The idea of constitutional limits on debt levels was broached at the July 21 European Summit, when European Union leaders approved a new loan package for Greece and encouraged member states to implement fiscal discipline. Germany has already included this stipulation in its constitution, while France and Italy are working on it.

During a summit meeting on August 16 with French President Nicolas Sarkozy, German Chancellor Angela Merkel demanded that all countries take up the German model of a constitutionally mandated balanced budget and put their labour market to a stress test.

The deficit ceiling will be used by the next government to impose harsher austerity measures. Both parties have already stated they will introduce a new law limiting the deficit at 0.4 percent of the GDP (0.26 for the state and 0.14 for the regions), coming into effect from 2020.

A 0.4 deficit ceiling is excessively low. Vicenç Navarro, professor in public policy in the University Pompeu Fabra, pointed out that in the last 20 years, “neither the euro zone, nor the OECD has ever had a structural deficit of 0.4 percent in any year. Germany did it one year, the US three years, the UK four, and Spain four, at the expense, of course, of having the lowest public expenditure per capita in the EU15.”

EU15 refers to the number of member states prior to the accession of the east European states.

He continues, “GDP per capita in Spain is now 94 percent of the EU15 average; however, social spending per capita is only 74 percent of the EU15 average” and only 1 in 10 are employed in the public sector.

It is not excessive spending, but the cuts in taxes on large businesses and the rich that have caused problem in the public finances. One of the latest measures passed in August by the PSOE cut VAT to 4 percent on the purchase of new housing until the end of the year, benefitting the banks and the large real estate owners.

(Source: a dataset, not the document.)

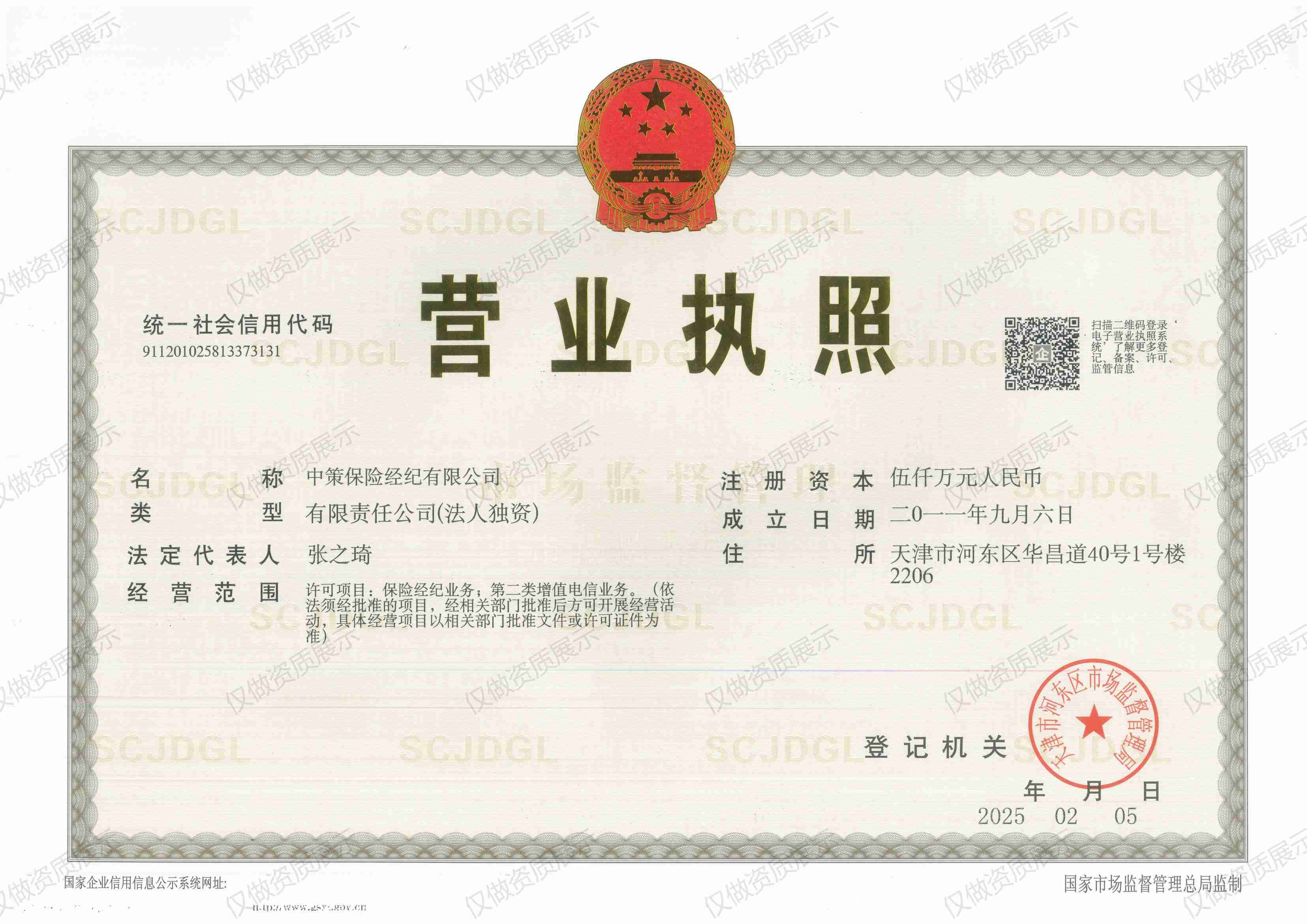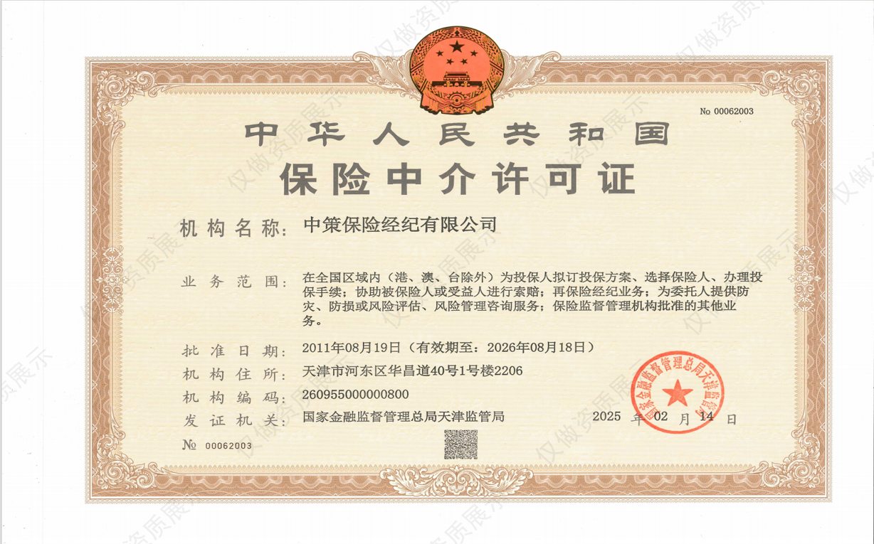 中策保险经纪有限公司已于2023年7月27日完成了《保险中介许可证》的换发,新许可证信息如下: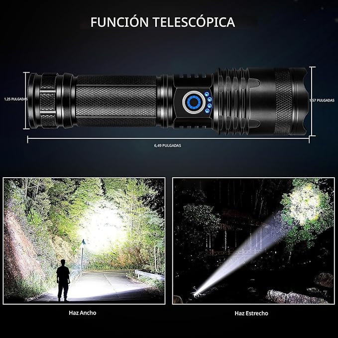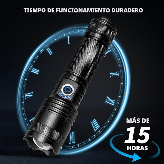 Dependiendo del modelo, puede durar entre 2 y 5 horas de luz continua o mantenerse en modo defensa durante días si no se activa. Se recarga mediante cable USB o cargador incluido.

It was the favourite to replace Zapatero as PSOE leader, millionaire candidate Alfredo Perez Rubalcaba, who recommended that no precise spending cap be included in the reform, and that this be included in a separate law. He held a series of meetings within the PSOE to obtain backing for the reform, defending it as a measure to “show that Spain is a serious country”.

Zapatero also defended the reform as a “step toward strengthening confidence in the medium and long-term stability in the Spanish economy”.

The emphasis on reducing public spending by the two major parties is aimed solely at attacking the living conditions of the working population. The same government that talks of the need to reduce public spending in order to have a balanced budget abolished a wealth tax in April 2008, which brought in €2 billion in 2007.

This measure was accepted by Rubalcaba, who is now cynically asking for “an extra effort from those who have most”.

According to the conservative newspaper ABC, the PP would win 47.6 percent of the vote if national election were held now, compared with 35 percent for the PSOE as a result of its loss of support among working people.

The PSOE has followed a policy that is no different from the PP, creating the most favourable conditions for a conservative victory. The PP has already imposed harsh austerity measures in all the regional governments under its control, Castilla-La-Mancha being the best example. Regional President Maria de Cospedal took over from the PSOE after local elections on May 22. She intends to slash €1.7 billion in spending, mainly from education, public maintenance, pharmaceutical spending and scrapping commissions and agencies.

The passing of the constitution amendment with the support of both main parties shows that cuts are on the agenda, whoever wins the November elections.